LH: I’m going to say yes.
Q: (Livio Oricchio – GloboSport.com) We can expand this question. In general the packaging the Strategy Group is planning for Formula One 2016, 2017. In general, do you agree with wider cars, wider tyres, more horsepower and – mainly – one team supplying the car for another team?
Kimi, did you like what you heard from last week – the suggestions?
KR: I don’t really know. More or less. I think it would be nice. Would be good for everybody, and it would look much nicer. It would I think be more like it used to be and I think it’s the right way to go. Hopefully it happens – but we have to wait and see.
Q: (Ian Parkes – Autosport) Kimi, I’m sure you’re probably aware that your fellow Finn behind you has been linked with your seat for next year, should you or Ferrari opt not to exercise the extension in your contract. Would Valtteri be a good fit for Ferrari, knowing him as you do and knowing Ferrari as you do and if so, why?
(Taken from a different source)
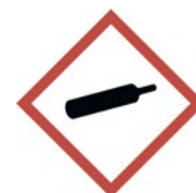
Figur 14. Varningsskylt för gasflaska, gas under tryck 22 . Skylten ska där gasflaskor förvaras kompletteras med tilläggs texten "Gasflaskor - förs i säkerhet vid brandfara".

KR: Who knows? Even though we are both Finns, we don’t know each other so well. You will have to ask Ferrari what they’re going to do but very certain what will happen and obviously it seems to be every year or every team I am in, it seems I’m being kicked out or a new contract or whatever. I’m not worried about it at all so time will tell, for sure.
Q: (Heikki Kulta – Turun Sanomat) Kimi, qualifying being so crucial here, how much more pressure does that put on you when you’re qualifying has not been that great this year?
KR: Not any more. Obviously it’s not been ideal. If you think it’s not going to be ideal, it’s probably going to be better than expected. It’s always the important race, but every race is simple in qualifying. This might be a bit more but these days it’s not the easiest thing to overtake. The cars… we do our best, try and get things right all weekend long and be up there.